6 May 1998
THE COURT of Appeal gave guidance to judges presiding over criminal trials in which defendants were unrepresented, particularly with regard to cross-examination of witnesses, including complainants in rape trials.
The applications of Milton Anthony Brown for leave to appeal against his conviction of two counts of rape, one count of false imprisonment and two counts of indecent assault, and against a total sentence of 16 years' imprisonment, were refused.
The applicant had decided to dispense with the services of his counsel and solicitors at a very early stage in his trial, and had subjected the two complainants to cross-examination clearly designed to intimidate and humiliate them. The trial judge had said that it was highly regrettable, and a matter of public concern, that as the law stood "an unrepresented defendant in a sexual assault case had a virtually unfettered right personally to question his victim in such needlessly extended and agonising detail for the obvious purpose of intimidation and humiliation".
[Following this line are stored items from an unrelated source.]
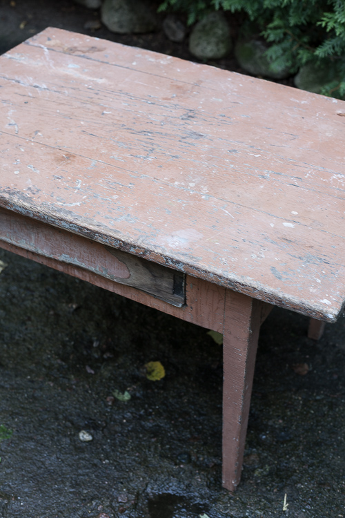 I've been thinking of changing the livingroom table to something more warmer and wood toned than this painted black veneer thing. I have a suitable candidate in the garage, but it really needs a lot of work until it can be called a table again. It's all wonky and a little bendy here and there. The paint is awful and the drawer is broken, but I still think after a lot of tlc, this might be it for my living room, so I got it out. No need to plan anything for the rest of this week, I'll be busy scratching those paints off. Wish me luck.
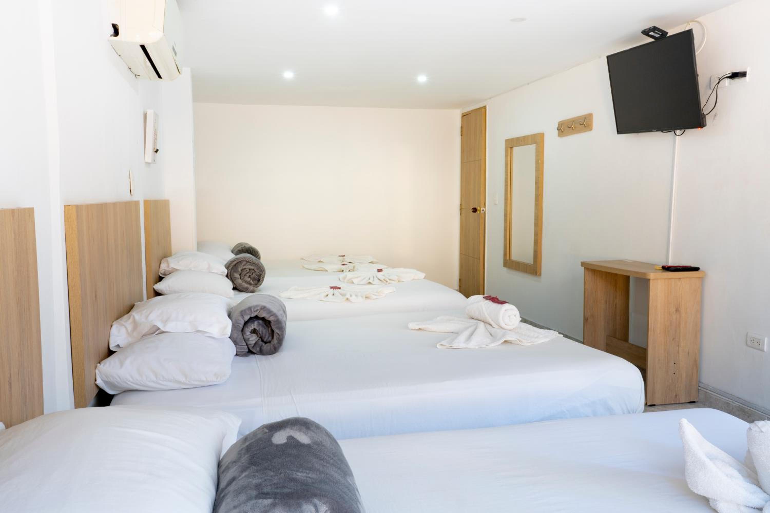 El personal servicial, excelente ubicación y la habitación para 4 tiene 4 camas muy cómodas!
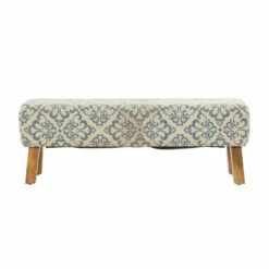 - An accent furniture featuring a cream cushioned fabric seat with blue decorative flourishes and brown 4-legged wooden base
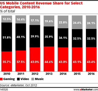 但是,与视频和游戏相比,音乐收入在移动内容总收入中所占的比重依然是最小的。虽然这一比重到2015将比现在高出7个百分点。游戏所占的比重比较大,2012年占总收入的43%,在可预见的将来这一数字会有小小波动。而视频所占的比重将会减少,2010年还占到了50%以上,而到2016年将降到不足30%。今年,移动游戏收入将达到10.8亿美元,而视频收入将达到10亿美元。
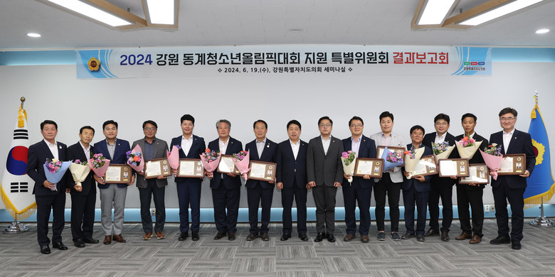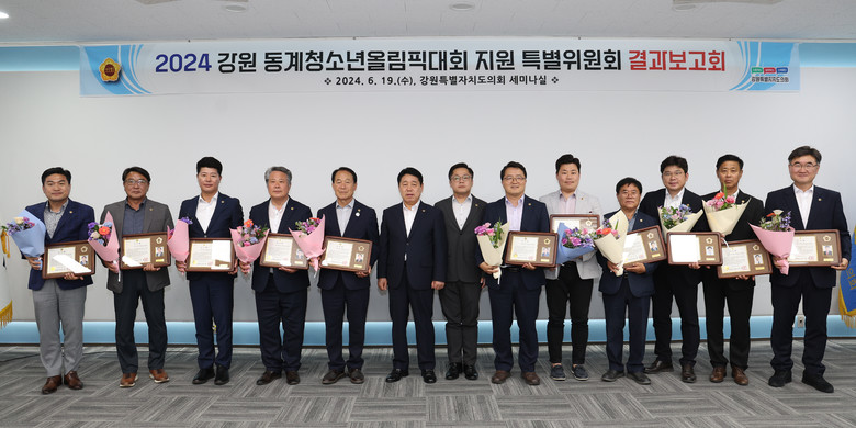 [강원도 세계타임즈=김민석 기자] 강원특별자치도의회 「2024 강원 동계청소년올림픽대회 지원 특별위원회(위원장 심오섭)」는 2024년 6월 19일 16시 30분에 도의회 세미나실에서 ‘2024 강원 동계청소년올림픽대회 지원 특별위원회 결과보고회’를 개최했다.

Sasha Wass (Registrar of Criminal Appeals) for the applicant; Peter Finnigan (Crown Prosecution Service) for the Crown.
Lord Bingham CJ said that where a defendant represented himself in a criminal trial, the deficiencies which existed where he did so in good faith were magnified 100-fold where he was motivated by a desire to obstruct the proceedings or to humiliate, intimidate or abuse anyone taking part in them.
A trial judge's duty was to ensure to the utmost of his ability that a defendant had a fair trial, particularly, perhaps, where he was unrepresented.
The judge was, however, obliged to have regard not only to the need to ensure a fair trial for the defendant but also to the reasonable interests of other parties to the court process, in particular witnesses, and particularly those who were obliged to relive by describing in the witness box an ordeal to which they said they had been subject. It was the clear duty of the judge to do everything he could, consistently with giving the defendant a fair trial, to minimise the trauma suffered by other participants. Furthermore, a trial was not fair if a defendant, by choosing to represent himself, gained the advantage he would not have had if represented of abusing the rules in relation to relevance and repetition which applied when witnesses were questioned.
A trial judge was not obliged to give an unrepresented defendant his head to ask whatever questions, at whatever length, he wished. It would often be desirable, before any question was asked by the defendant in cross-examination of a complainant in a rape trial, for the trial judge to discuss the course of proceedings with the defendant in the absence of the jury. The judge might then elicit the general nature of the defence and identify the specific points in the complainant's evidence with which the defendant took issue, and any points he wished to put to her. If the defendant proposed to call witnesses in his own defence, the substance of their evidence could be elicited so that the complainant's observations on it might, so far as relevant, be invited.
It would almost always be desirable in the first instance to allow a defendant to put questions to a complainant, but it should be made clear in advance that the defendant would be required, having put a point, to move on, and if he failed to do so the judge should intervene and secure compliance. If the defendant proved unable or unwilling to comply with the judge's instructions the judge should, if necessary to save the complainant from avoidable distress, stop further questioning by the defendant or take over the questioning of the complainant by himself.
If the defendant sought by his dress, bearing, manner or questions to dominate, intimidate or humiliate the complainant, or if it was reasonably apprehended that he would do so, the judge should not hesitate to order the erection of a screen, in addition to controlling the questioning in the way indicated.
If judges intervened to ensure that witnesses were not subjected to inappropriate pressure, they should clearly understand that the Court of Appeal would be very slow indeed, in the absence of clear evidence of injustice, to disturb any resulting conviction.